RealtyMogul Apartment Growth REIT Inc.

12/04/2025 | Press release | Distributed by Public on 12/04/2025 10:11

Securities Offering by Private Issuer (Form 253G2)

Filed Pursuant to Rule 253(g)(2)

Commission File No. 024-12375

REALTYMOGUL APARTMENT GROWTH REIT, INC.

SUPPLEMENT NO. 6 DATED DECEMBER 4, 2025

TO THE OFFERING CIRCULAR DATED AUGUST 27, 2025

This document (this "supplement") supplements, and should be read in conjunction with, the offering circular of RealtyMogul Apartment Growth REIT, Inc. ("we," "our," "us" or the "Company"), dated August 27, 2025 (as supplemented, the "Offering Circular"). Except as described herein, the Offering Circular remains unchanged and continues in full force and effect. The information in this supplement updates and supersedes any inconsistent information contained in the Offering Circular. Unless otherwise defined in this supplement, capitalized terms used in this supplement shall have the same meanings as set forth in the Offering Circular.

Explanatory Note

The purpose of this supplement is to:

update the status of our Second Follow-on Offering (as defined below);
update our plan of operation;
update our management compensation; and
update the description of our management to reflect a recent change in its composition.

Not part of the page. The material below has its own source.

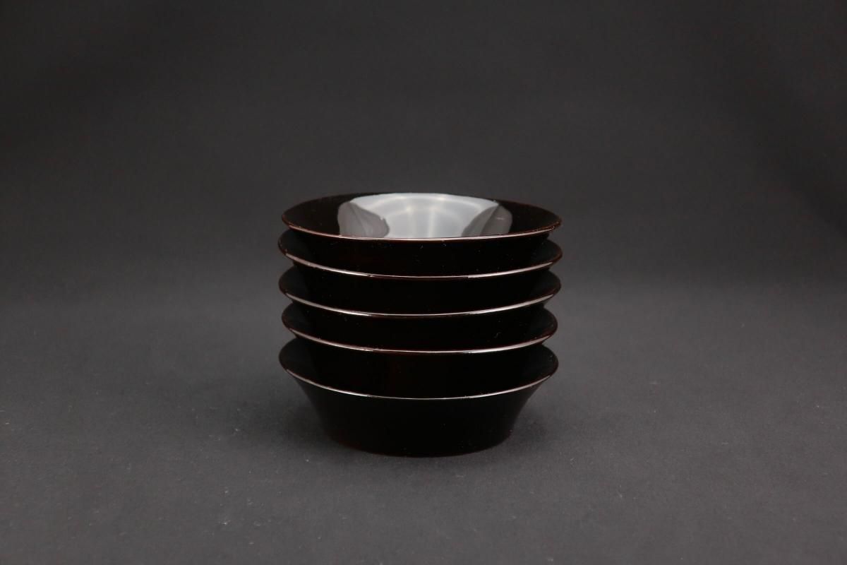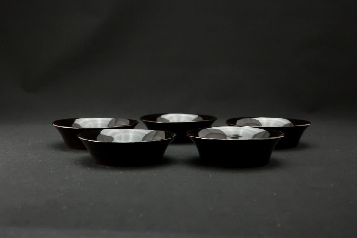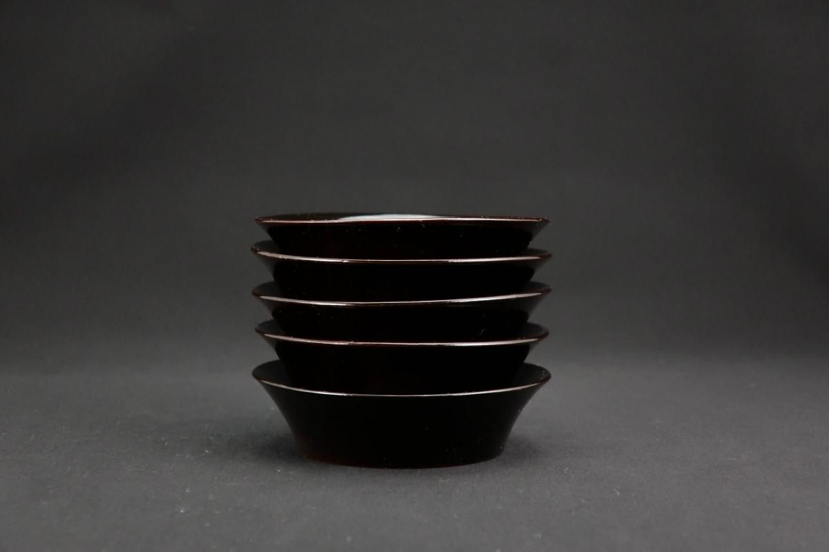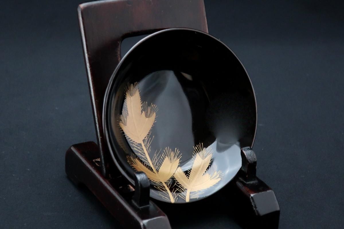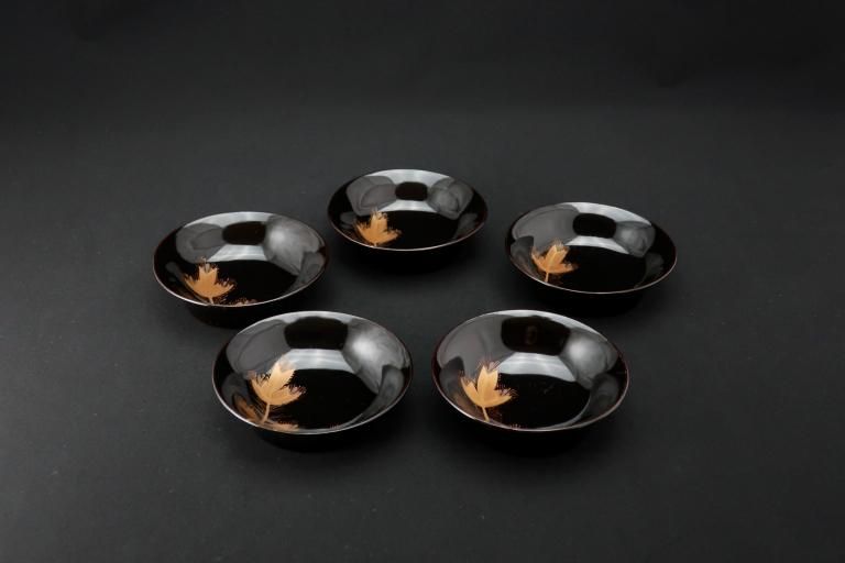 黒塗若松蒔絵菓子皿 五枚組 / Lacquered Sweet Plates with Pine 'Makie' picture set of 5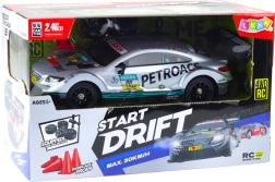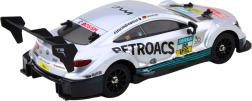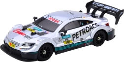 El coche incluye un mando de 2,4 GHz, que asegura un control preciso con un alcance de hasta 25 metros. La iluminación LED especial —delantera, trasera y bajo el chasis— aporta un aspecto atractivo incluso al conducir al anochecer.

Status of Our Second Follow-on Offering

On August 21, 2024, we commenced our second follow-on offering pursuant to Regulation A (the "Second Follow-on Offering"), pursuant to which we are currently offering up to $73,363,213 of shares of our common stock (comprised of $70,653,543 of shares in our primary offering and $2,709,670 of shares pursuant to our distribution reinvestment plan under Rule 251(d)(3)(i)(B) of Regulation A). As of October 31, 2025, we had raised aggregate gross offering proceeds of approximately $66,315,000 and had issued an aggregate of approximately 6,413,000 shares of our common stock in our Offerings, which have been purchased by approximately 3,600 unique investors. Effective as of July 11, 2025, our Manager temporarily paused acceptance of new subscriptions in connection with the Second Follow-on Offering.

In addition, as of the date of this supplement, we have received requests for the repurchase of shares of our common stock in excess of the repurchase limit set forth in our share repurchase program, which limits the amount of shares to be repurchased during any calendar year to (a) 5.0% of the weighted average number of shares of our common stock outstanding during the prior calendar year, and (b) 1.25% per quarter, with excess capacity carried over to later quarters in the calendar year. In accordance with our share repurchase program, any such share repurchase requests will be honored on a pro rata basis. For more information regarding our share repurchase program, see the section of our Offering Circular captioned "Description of Our Capital Stock-Quarterly Share Repurchase Program."

Plan of Operation

The following information supplements the section of our Offering Circular captioned "Plan of Operation - Acquisitions":

FedEx Ground KY - Louisville, Kentucky

As previously disclosed, on September 17, 2025, we acquired a $4,500,000 joint-venture limited partnership equity investment (the "FedEx Ground KY Equity Investment") in a special purpose entity in connection with the acquisition of a 2015-built, 303,369 square-foot industrial building located in Louisville, Kentucky (the "FedEx Ground KY Property").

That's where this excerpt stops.